For years, we have have been able to write template function :

template <class T> T add(T a,T b){
    return a+b;
}

There is a TS for using auto for function's parameters deduction

auto add(auto a,auto b){
    return a+b;
}

I though with auto, one had no way to get to the actual type and for instance use static members, but this works just fine :

#include <iostream>

struct foo
{
    static void bar(){std::cout<<"bar"<<std::endl;}
    static int i ;
};
int foo::i{0};
void t(auto f){
    decltype(f)::bar();
    std::cout<<    decltype(f)::i<<std::endl;
}
int main(int argc, char *argv[])
{
    t(foo());
    return 0;
}    

So is there any reason to choose one instead of the other ?

Answer 1

The obvious reason for this particular code would be that they don't really have the same semantics at all.

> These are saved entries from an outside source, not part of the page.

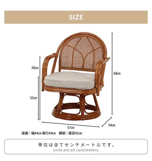 | ラタンチェア 回転チェア 肘付き ミドルタイプ 籐 和モダン 座椅子 1人掛け 回転椅子 クッション付き 背もたれ付き シンプル おしゃれ 1人掛けチェア 回転いす ラタン フロアチェア パーソナルチェア 360度回転 立ち座りしやすい ナチュラル アームレスト インテリア リビング 洋室 和室 座敷 ワンルーム |
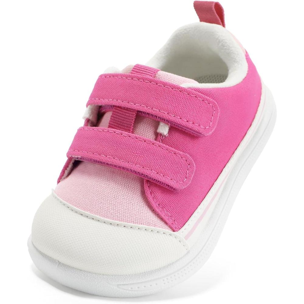 STQ Toddler Wide Toe Box Shoe Girl Boy Barefoot Hook and Loops Non-Slip Walking Baby Sneakers(Rose)
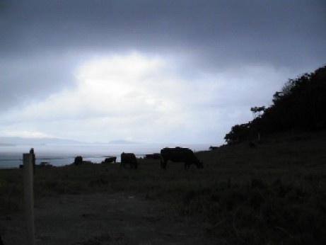 道をずーっと進んでゆく。海沿いになったり、山の中を走ったり、牛がいたり、
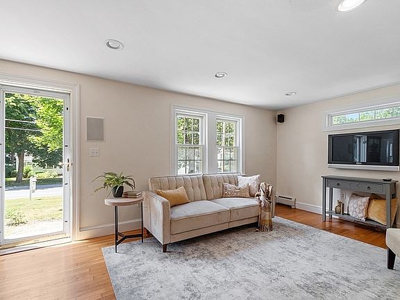 Looking to move into Westford? Look no further than this bright and welcoming classic New England Cape! A stately maple tree graces the front lawn and offers dappled shade to flowering perennials and walkway leading to sandstone and brick front steps. Inside you find hardwood flooring throughout, 3 bedrooms and unlimited potential! The sun filled living room boasts a stylish clerestory window and wood burning fireplace. Updated kitchen has maple cabinets, pantry, granite counters and breakfast bar. Kitchen and dining room offer to access to backyard. The full bath has newer tiled tub/shower and vanity. More room in the garage, storage shed and full, unfinished lower level. Set on a pretty lot abutting conservation land, this home is in a prime location near award-winning schools, less than a mile to Forge Pond town beach and playground, a short drive to shops/restaurants and Route 495. Energy efficient thermopane windows and tankless Rinnai hot water system.
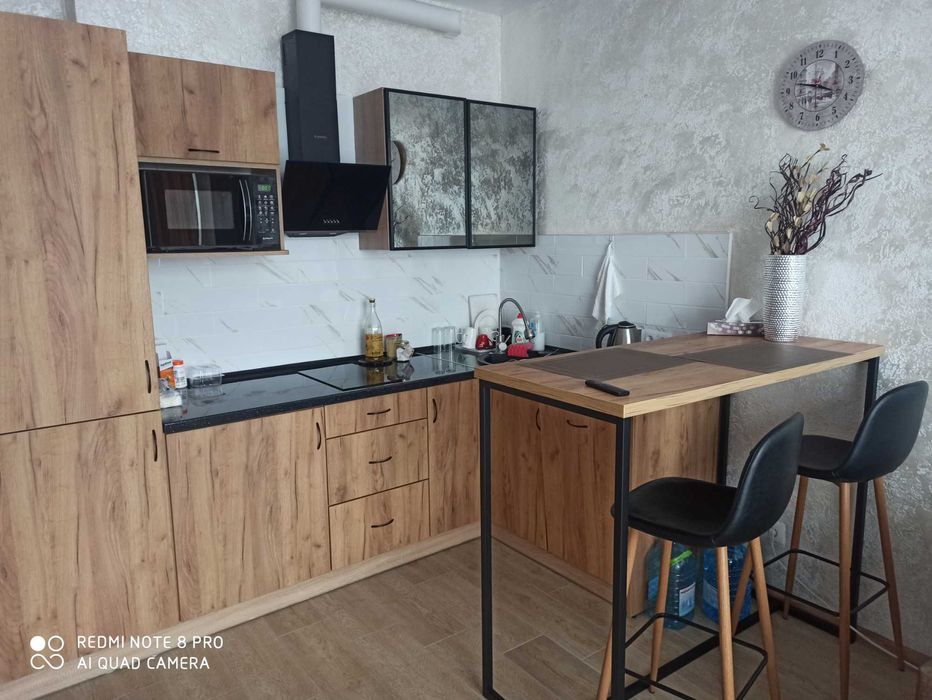 - сучасні меблі (двоспальне ліжко з ортопедичним матрацом та місткою нішею для речей, розкладний диван у залі, вбудована шафа, комод, універсальний стіл, гостинний гарнітур, стильна кухня з високим барним столом та стільцями)
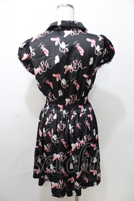 Rose Marie seoir / shirringワンピース ネコバレエ柄黒 Y-25-09-11-031-EL-OP-SZ-ZT002 [戻る]
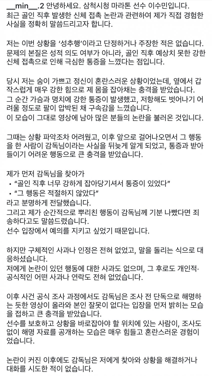 (엑스포츠뉴스 나승우 기자) 최근 인천국제마라톤에서 발생한 김완기 삼척시청 감독의 선수 신체 접촉 논란과 관련해 당사자인 마라토너 이수민(삼척시청)이 침묵을 깨고 직접 입장을 밝혔다.
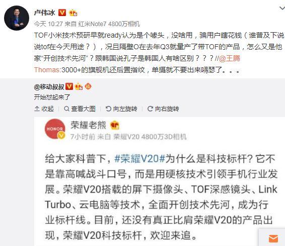 很快小米公司产品总监微博名为王腾Thomas的高管出来迎战了,他嘲讽荣耀V20虽然是售价3000元以上的旗舰机,但还是后置指纹与单摄像头,建议它别出来嘚瑟。
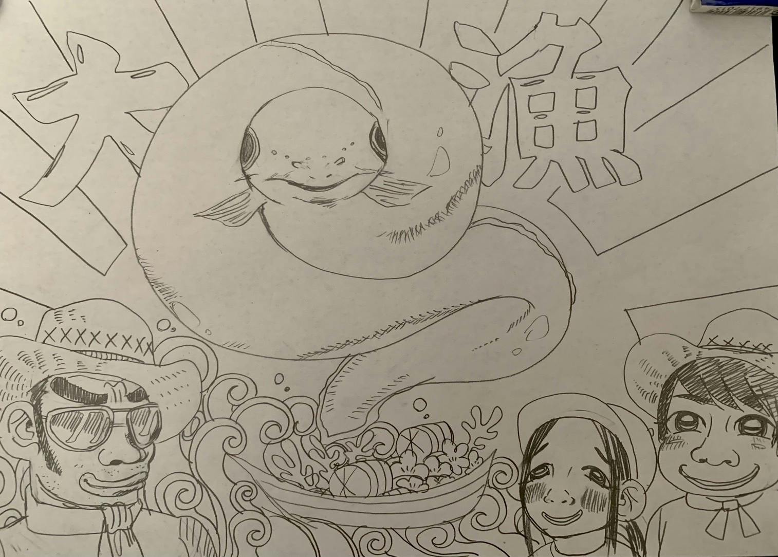 リターンに設定してる大漁籏は支援して下さった方のアニメっぽい似顔絵と、村長や愛ちゃん、りょっさんと一緒に大漁籏となり小屋が完成さたら飾る籏です。
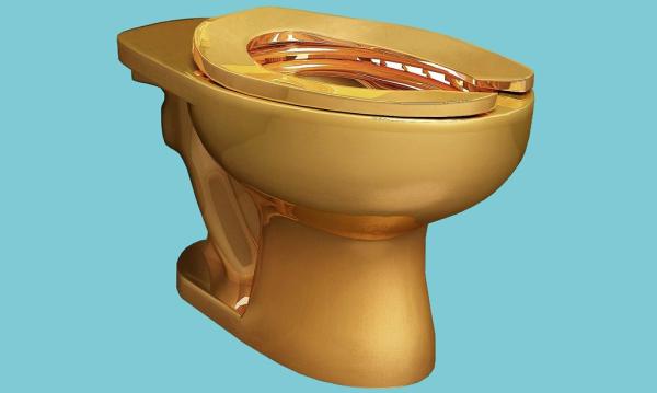 对于世人来说,它真的是黄金的,这点非常重要。艺术家欢迎参观者走进卫生间鉴赏一下这件可以让你闪瞎眼的黄金马桶,但是,只有当人们坐在上面,回应自然的呼唤时,它才真正成为了艺术的一部分。
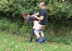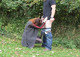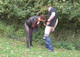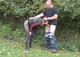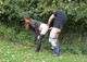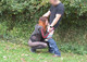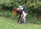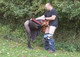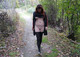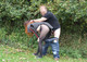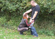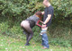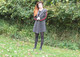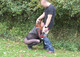 Шлюха в черных колготках на природе делает минет, а потом берет в анал
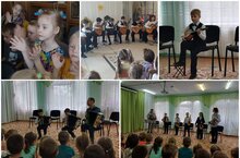 21 и 22 мая юные музыканты побывали в гостях в нашем детском саду. Это не первая встреча воспитанников детского сада и учеников музыкальной школы. Дошколятам очень нравится, когда учащиеся музыкальной школы приходят к ним в гости. Педагоги детского сада и музыкальной школы справедливо считают, что такие мероприятия важны и необходимы как для воспитанников детского сада, так и для учащихся музыкальной школы. Музыка всегда оставляет ярчайший след в эмоциональной памяти дошколят и создает большую мотивацию к занятиям музыкой в детском саду, появляется желание - стать учащимся музыкальной школы. В свою очередь, непосредственные участники концертов - ученики музыкальной школы - оттачивают своё исполнительское мастерство, т.к. такие мероприятия дают возможность учащимся чаще выходить на сцену не просто как ученикам, а как настоящим концертирующим музыкантам.
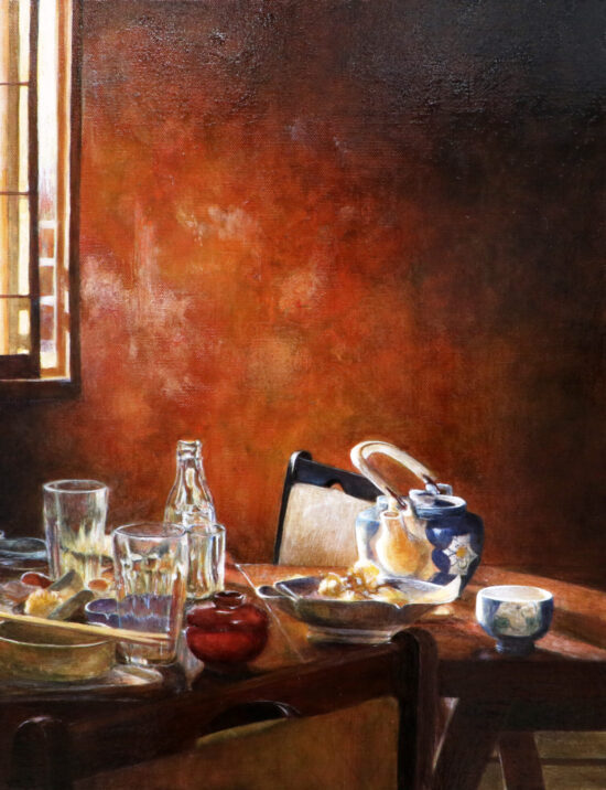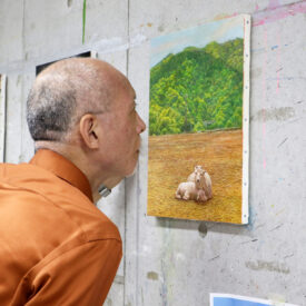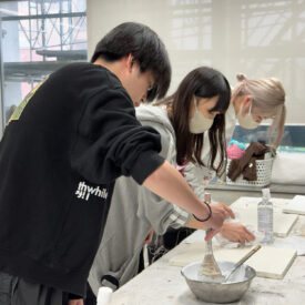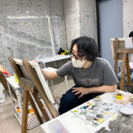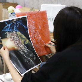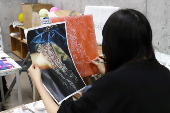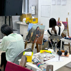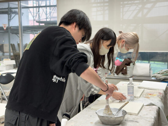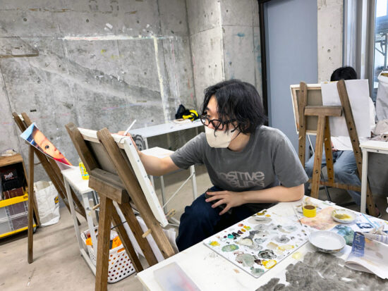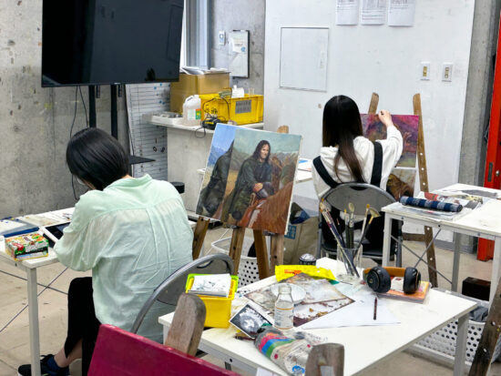 2年生ファインアート科「絵画技法実習(混合技法)」工藤礼二郎先生による2年生 ファインアート科「絵画技法実習(混合技法)」の授業です。 有色下地を施したキャンバスにエマルジョンテンペラと油彩の積層からなる描画により、視覚的リアリズムを追求する。

In particular, if you pass arguments of different types, the version using auto will deduce a type independently for each, then based on those deduce a type for the result.

Conversely, with the template version, you've specified exactly one type, so the arguments must both be the same type (and the result will be the same).

So, to get the code to be more nearly equivalent, you'd really need to write the template more like:

template <class T, class U> 
auto add(T a, U b) -> decltype(a+b) {
    return a+b;
}

This is obviously possible as well, but adds even more strength to the arguments in favor of using auto instead.